Golden brown crust featuring leftover almond pulp. Topped with a smooth, bright, citrus-y lemon filling makes for the most delightful spring treat!

Time: 15 minutes active time, 2-3 hours freezing time
Servings: 9 bars

vegan lemon bars made with the Almond Cow


  • 1 cup pecans
  • 1 cup almond pulp (from almond milk)
  • 3 tbsp agave
  • pinch of salt
Lemon Filling
  • 3 cups cashews
  • 1 cup plant-based milk (almond or cashew work well)
  • ¾ cup lemon juice
  • 6 tbsp agave
  • ¼ cup coconut oil
  • zest of 4 lemons
  • ½ tsp turmeric, for color


  1. Add pecans to a food processor, and pulse until fine crumbles form.
  2. Add almond pulp, and pulse again until mixed.
  3. Add agave and salt, and pulse again until mixed.
  4. Line a brownie tin with parchment paper, and transfer crust to the brownie tin, pressing to flatten.
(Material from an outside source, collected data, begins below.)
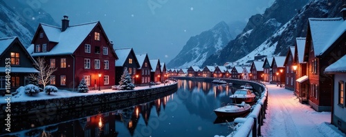 Fototapeta premium Snow-dusted Bryggen, Bergen Christmas lights gleam on historic, snow-covered buildings at twilight , Norway travel, snow-covered roofs, magical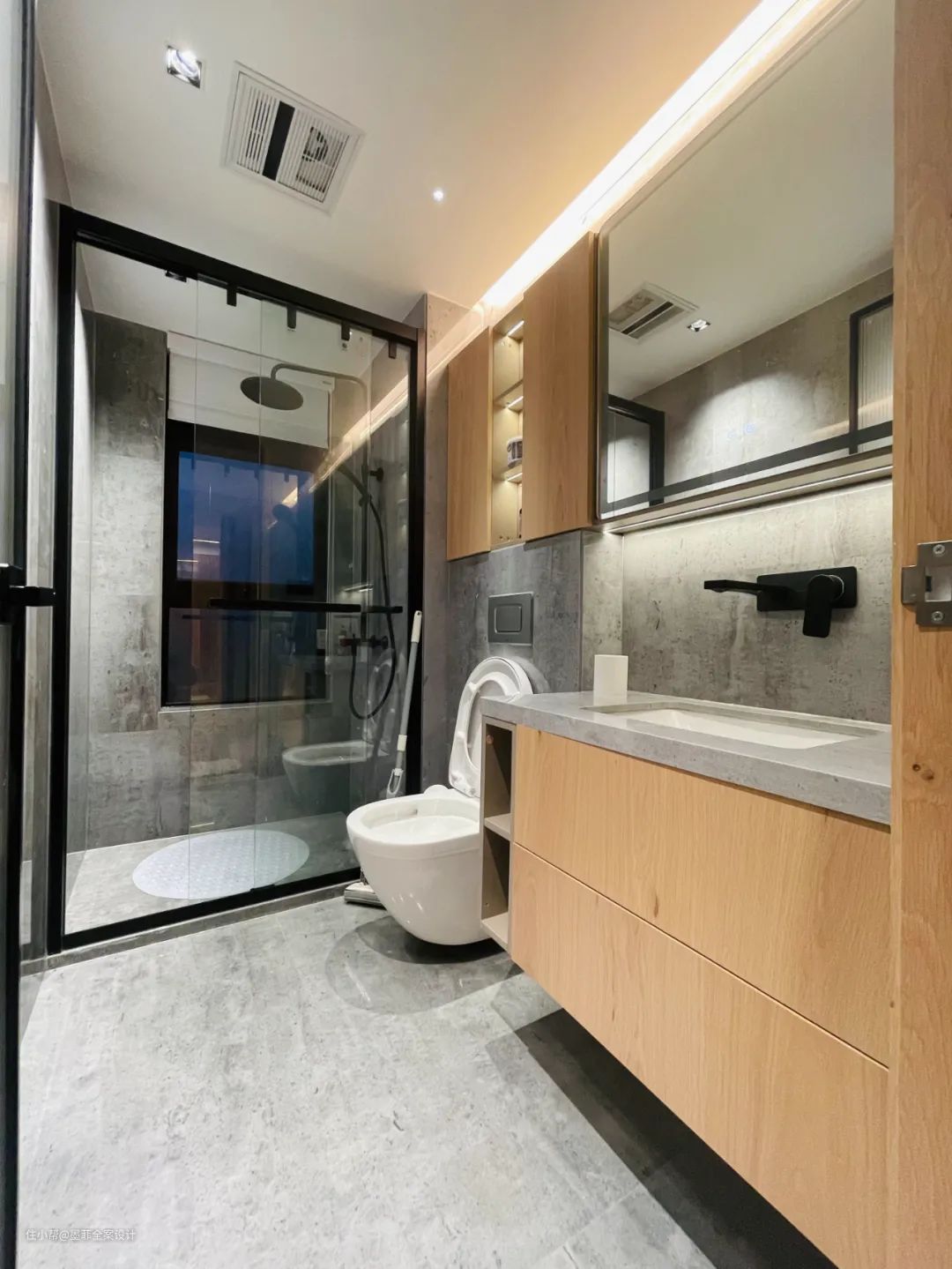 主卫亮面的水磨石瓷砖本身就带有光泽度,当灯光打上去更有反射效果,让整个卫生间更加通透,沐浴区的置物收纳做了一个内嵌壁龛,可以节省不少空间,原木色定制浴室台,洗面盆功能与收纳柜功能并存,归纳自然.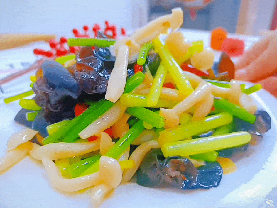蒜苔清甜,白玉菇爽滑,搭配木耳的脆嫩,妥妥的一道家常下饭菜。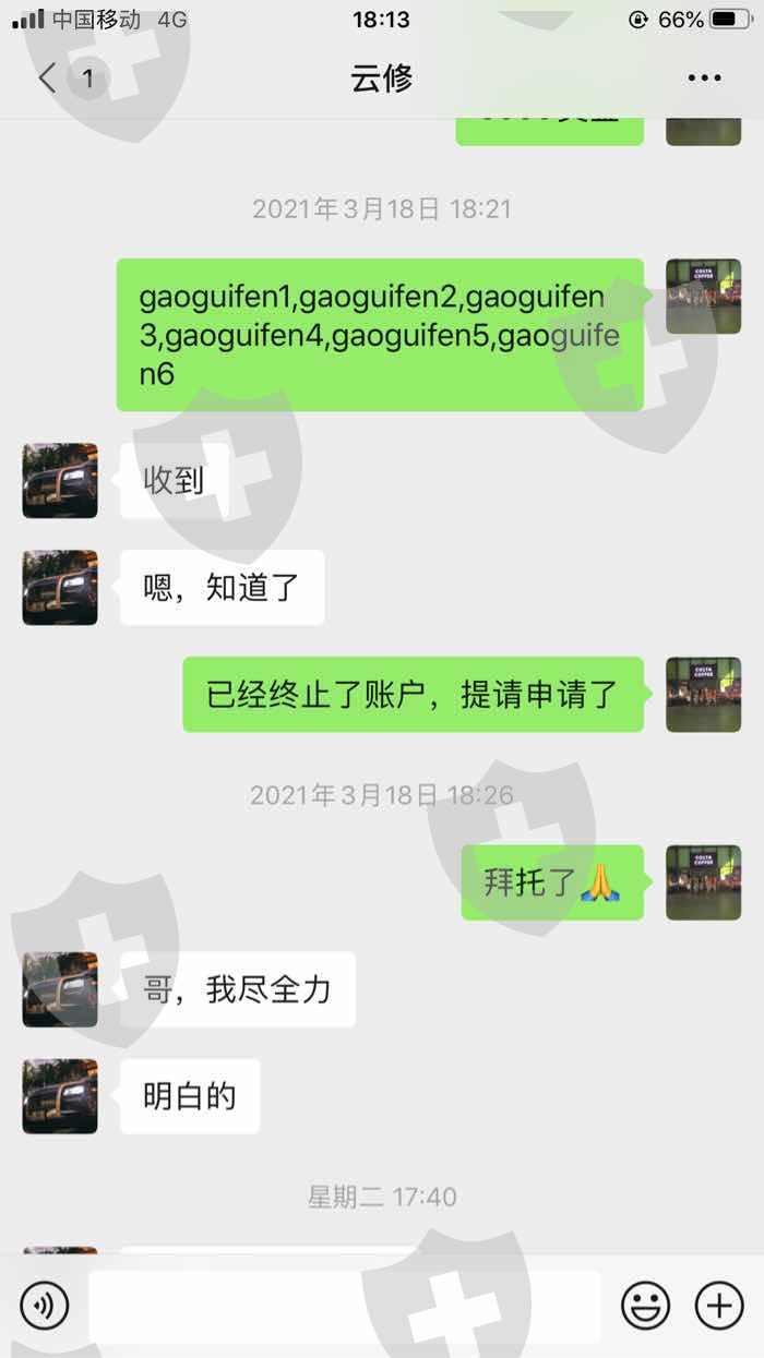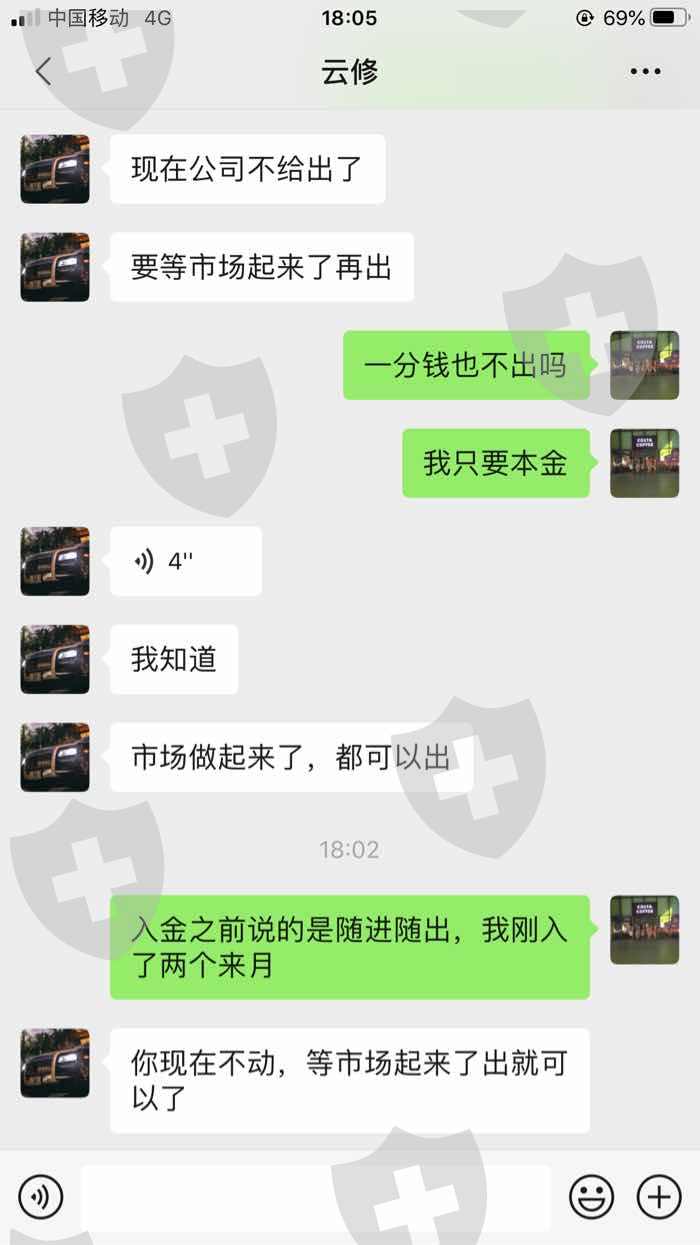 自3月1日开始,威世达一直拒绝出金,我们的直接上级是云修,他回复说必须等市场好转之后,威世达才给出金。上级的上级是范佳佳,多次微信联系她,一直不回复。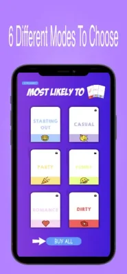 Most Likely To offers six different modes to cater to different types of gatherings and players. The Starting Out mode is perfect for those who are new to the game, while the Casual mode is great for a laid-back and relaxed atmosphere. The Party mode is ideal for larger groups and more energetic gatherings, while the Funny mode is sure to bring out the laughter in everyone. The Romantic and Dirty modes are better suited for more intimate gatherings and are not recommended for younger players.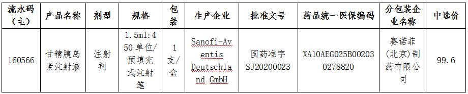 近日,根据国家药品联采办有关文件,经赛诺菲(北京)制药有限公司申请,现将该企业甘精胰岛素450单位进口分包装药品纳入第六批国家组织药品集中采购(胰岛素专项)安徽中选药品网上采购目录,详见下表:

Transfer to freezer while making the lemon filling.
Lemon Filling
  1. Add all lemon filling ingredients to a blender, and blend until smooth and creamy.
  2. Pour lemon filling over crust and freeze for 2-3 hours, or until firm enough to cut.
  3. Cut into bars, top with powdered monk fruit (optional), lemon slices (optional), and serve!